Assignment 3: Pmax, pipelines, strides
Completion requirements
Opened: Thursday, 16 May 2024, 10:00 AM
Due: Thursday, 30 May 2024, 10:03 AM
- Another triad code. (20 credits) Calculate the maximum achievable in-core performance \( P_\max \) of the AVX512-vectorized double-precision Schönauer triad on an Ice Lake SP core at 2.1 GHz. The Schönauer triad kernel is
a[i] = b[i] + c[i] * d[i]
. What fraction of the theoretical core peak performance (at 2.1 GHz) is this? Also calculate \( P_\max \) for the AVX2 and scalar variants. - Pipelines and SIMD units. One way to increase the peak performance of a microprocessor is to use wider SIMD units and registers, just as Intel did when going from SSE (16 byte) to AVX (32 byte). 64-byte SIMD or AVX512 registers are available in the "Xeon Skylake-X" and later architectures. Consider the following loop (a scalar product) on a modern processor core:
double s=0.0;
double a[N],b[N];
// ... initialization omitted
for(i=0; i<N; ++i) s = s + a[i] * b[i];
The add and multiply instructions have a latency of four cycles and a maximum throughput of one per cycle. The load instruction has a latency of five cycles (if the data is in L1 cache) and a maximum throughput of one per cycle. FMA (if it exists) is not used.

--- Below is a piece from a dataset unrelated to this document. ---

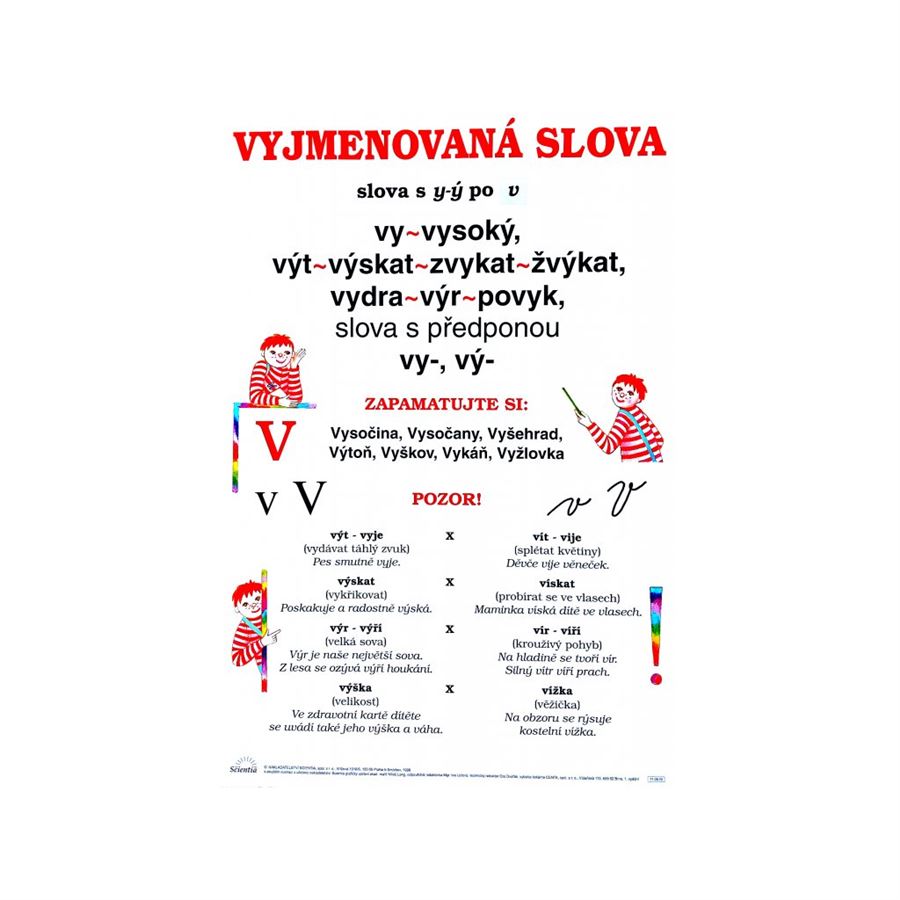 Oboustranná výuková tabules vyjmenovanými slovy po V, která kromě základních vyjmenovaných slov přináší i některé pravopisné odlišnosti a na druhé straně tabule je 36 krátkých slovních spojení na doplňování y-ý nebo i-í po souhlásce V.

(a) (5 credits) Assuming that the compiler applies no unrolling and no SIMD vectorization, calculate the maximum possible performance of the loop in Flops/cycle if the data comes from the L1 cache.
(b) (15 credits) Calculate the performance to expect at N=8.
(c) (10 credits) Now assume that the compiler can SIMD-vectorize the loop with AVX, but does no unrolling beyond that. Also assume that adding up the four slots ("horizontal add") of an AVX register takes eight additional cycles. Calculate how this changes the predictions from (a) and (b). How would the numbers change for 8-wide SIMD units (64-byte registers)? (Horizontal add takes 12 cycles in this case)
(d) (15 credits) Now assume that the compiler performs a 2-way modulo unrolling of the loop, on top of AVX. Calculate the maximum expected performance with AVX if the data comes from the L1 cache. Would 4-way unrolling change anything? Why (not)?
(e) (10 credits) Comparing the non-unrolled code from (a) with the AVX + 2-way MVE variant from (d), how many instructions (as a function of N) must be executed by the core to traverse the whole loop? Assume that the "loop mechanics" (handling the iteration count) always needs 3 instructions (add, compare, branch).
- Strided access. (25 credits) Write a benchmark code for the double-precision "vector update" kernel and modify it so that only each Mth element is used:
for(i=0; i<N; i+=M) a[i] = s * a[i];
This is called a "strided loop" with stride M. Plot the performance of this loop versus M∈{1,2,4,8} for N=108 on one Fritz core (do not forget to fix the clock frequency) and explain the change in performance with growing M. What happens if you increase M even further? Choose strides of M=8*1.2n, with n a positive integer and M<=106. Explain why this behavior is expected.